Available in Strawberry and Grape Flavors
It’s here! It’s finally here! Exponential Apocalypse: Dead Presidents, by Eirik Gumeny, is finally available to purchase and read and cherish forever!
For those of you not in the know: Exponential Apocalypse: Dead Presidents, the second book in the Exponential Apocalypse series, continues where the first one left off, following Thor and company through a world rife with megalomanical clones, dinosaur armies, zombies, mad scientists, rhinos with lasers, and all manner of action and misadventure. Uproarious and unrestrained, Exponential Apocalypse: Dead Presidents puts the “doody” in doomsday and the “ha” in worldwide annihilation.
You can buy a paperback or a Kindle copy or some other e-copy or, for a limited time, get a paperback signed by Eirik himself! Who wouldn’t want his indecipherable scrawl scarring the first page of their book? No one, that’s who. Besides, he’ll probably throw in a bunch of magnets, too. And everyone loves magnets. You can do some crazy shit with ’em. (You have seen Breaking Bad, right? MAGNETS.)

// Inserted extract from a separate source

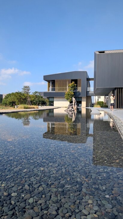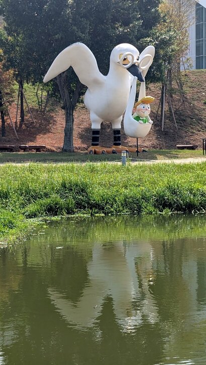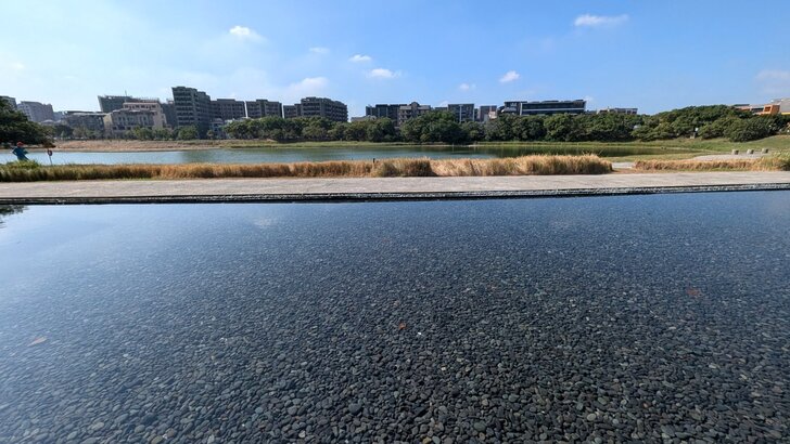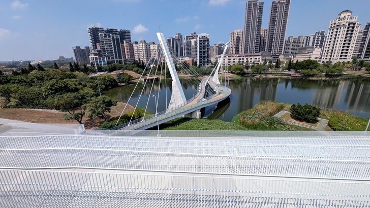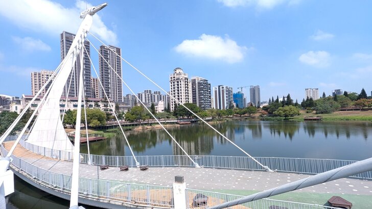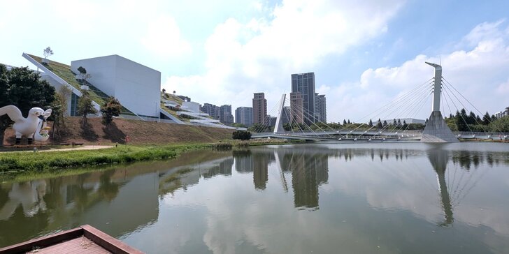 既然來了桃園,當然順便附近逛逛,除了溪海休閒農業區外,另選了兒童美術館及橫山書法藝術館,不過一在高鐵站南,一在高鐵站北,就先去看兒童美術館,距離1.3公里,單車騎高鐵南路7、8分也就到了,大門也不知在哪兒,旁邊偌大一個湖,先去湖邊繞繞逛逛.↓

What were we talking about? Oh, right, Eirik Gumeny’s Exponential Apocalypse: Dead Presidents. The only book on the market today that’s guaranteed to cure your erectile dysfunction*, protect you from gunfire*, and gain you immediate access to that swanky back-room hot dog place in the East Village*! And it doubles as a floatation device*! Plus it has 100% of your daily recommened fiber**! BUY YOUR COPY TODAY!
*It doesn’t do any of these things. Please don’t try.
**Maybe? Look, we’re not doctors. Don’t trust us with anything regarding your nutrition.